After the police scattered, I asked Ron how he’d gotten onto the lot. “That barbed wire cost me plenty,” I said, “and it didn’t do the job.”
“A hobo’s life is not an easy one,” he said. “You learn certain skills.”
He showed me how to slip like a snake between the gate and fence post. Like he had rubber ribs. The barbed wire was a non-issue because he didn’t climb over the top.
“Well,” I said, “so much for security. Two thousand bucks wasted on a fence. Why were you in there anyway?”
“To sleep in the cube van,” he said. “So I’d be here for work in the morning. Assuming you can use me, of course.”
“There’s always a place for Pompano Ron.”
I walked him to the building and unlocked the office door. “There’s furniture pads in the backroom to sleep on,” I told him.

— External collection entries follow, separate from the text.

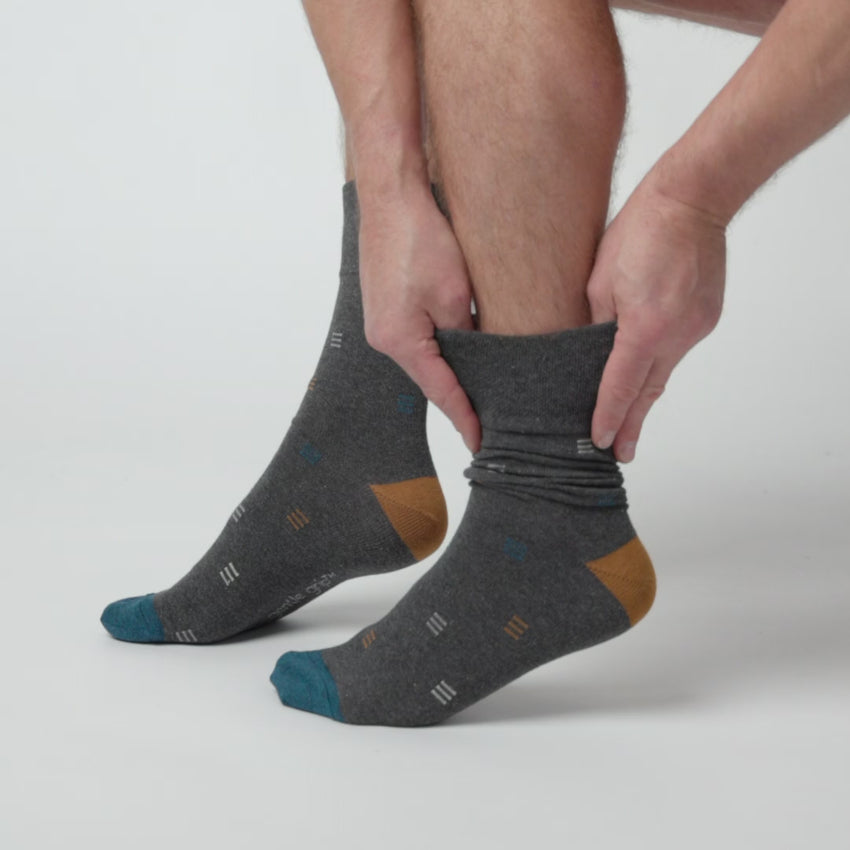 Our Men's Gentle Grip Cotton Socks in Geometric Myriad design are the number one solution for people who find regular socks tight and uncomfortable. These comfortable socks feature discreet geometric forms in gold and green scattered over bases of grey and warm white, with contrast heel.
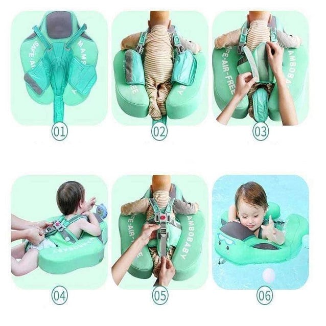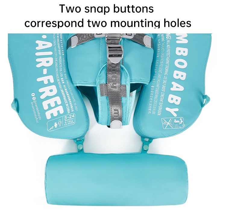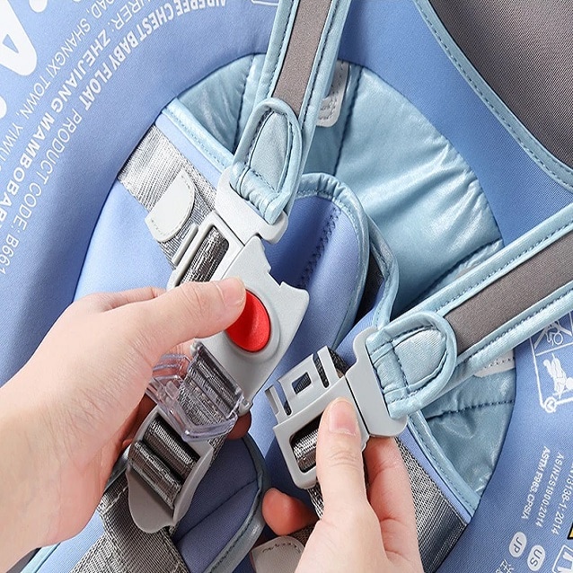 It features a vest-style design with adjustable straps, allowing the baby to float safely on their chest or back while being securely supported.
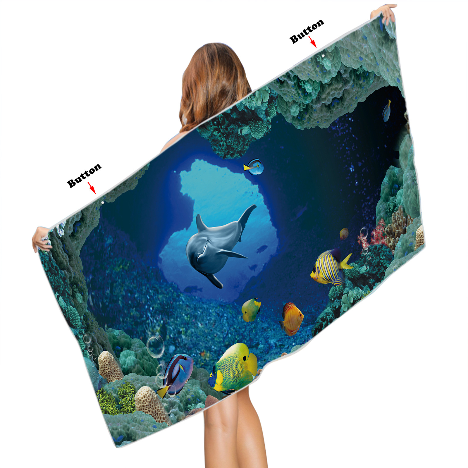 단추가있는 수중 세계 새로운 타월 사각형 해변 원피스 국경 양면 벨벳 마이크로 화이버 목욕 타월스토어 가기
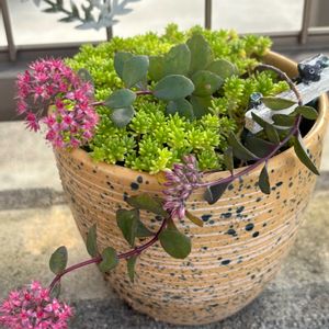 やっとできた✨ MAIさんの鉢にセダムの寄せ植え😍 レッド系とグリーン系のセダム🌱
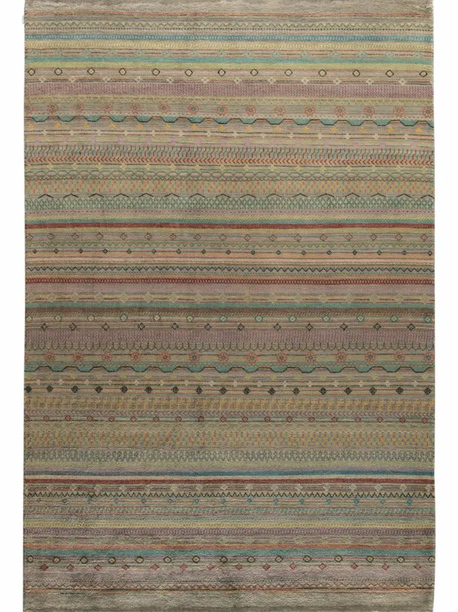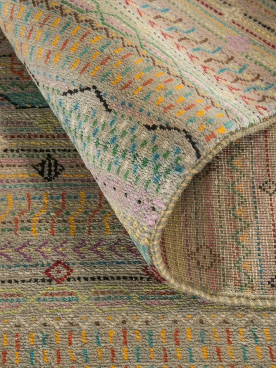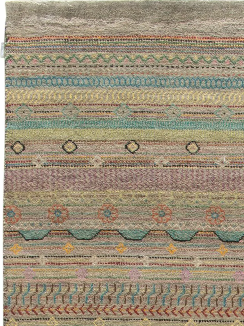 ist eine ungewöhnliche moderne Variation des traditionellen persichen Gabbehs. Er ist kürzer im Flor und feiner geknüpft. Es gibt zahllose Neukreationen in individuellen und einzigartigen Farben und Mustern.| Gesamthöhe: | ca. 10 mm |
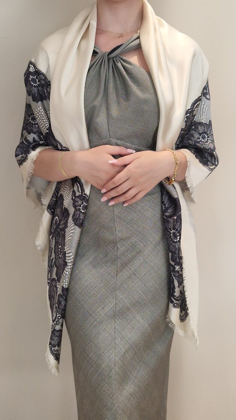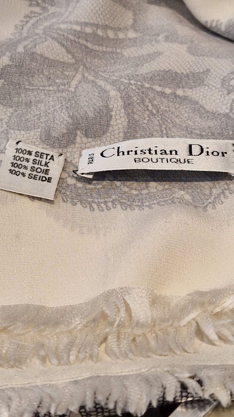 This sumptuous shawl, signed Christian Dior Boutique – Paris, beautifully embodies the timeless elegance of the house of Dior in the late 20th century. Crafted from 100% silk, it features a luminous ivory background adorned with a delicate black motif reminiscent of Chantilly lace, reinterpreted here in a graphic and contemporary style.
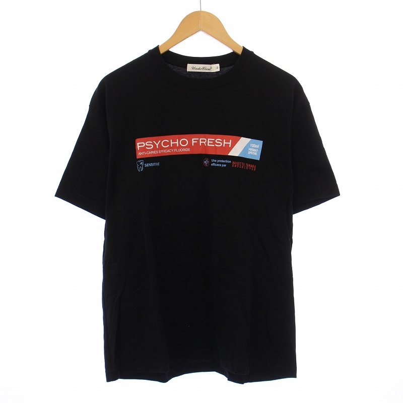 アンダーカバー UNDERCOVER 24SS PSYCHO Tシャツ 半袖 クルーネック ロゴ プリント ストレッチ 2 黒 ブラック

I met Pompano Ron while The Sheik and I were partnering at Lerch’s. Pampano Ron was just plain Ron in those days. The Sheik and I ran two trucks at the time, Sheik drove and packed one and I the other. We each needed two helpers. Sheik was in charge of manpower and I’d spend my dreary days with crews he chose for me, mostly his relatives and friends whose conversation, as indicated earlier, was limited to sexploits. Occasionally an auslander would slip in to bring me news of the wider world. I’d enjoy the change of face and request that person for the following day. Such was the case with Ron.
But Ron, trembling on the threshold of his career as a hobo after his marriage had crumbled, was unreliable, often a no-show, and Sheik would have to go to the phone at eight a.m. for a frenzied round of calls to try to find me another helper.
One morning after an exhausting telephone ordeal, Sheik angrily announced, “I know you like working with that guy, but he don’t work here anymore. He’s finished. Period.”
Period.
After The Sheik shit-canned him, Ron and I still kept in touch, “touch” being the operative word. Ron knew I was a soft touch, always good for a ten and didn’t expect to be paid back. He’d phone for a meet at Livio’s, a corner bar and restaurant about fifty feet from my house—Livio’s was a center of civility and decorum in contrast to the extravagances of the Zig Zag or Dirty Demmies—where Ron would regale me with hobo stories, worth ten bucks anytime, better value for my money than going to the movies. Pumpkin, also a Pompano Ron fan, often accompanied me, although she, while conceding that his peculiarities afforded a rich mine of entertainment, once jokingly offered the assessment that “The man should be fitted with a cap and bells.”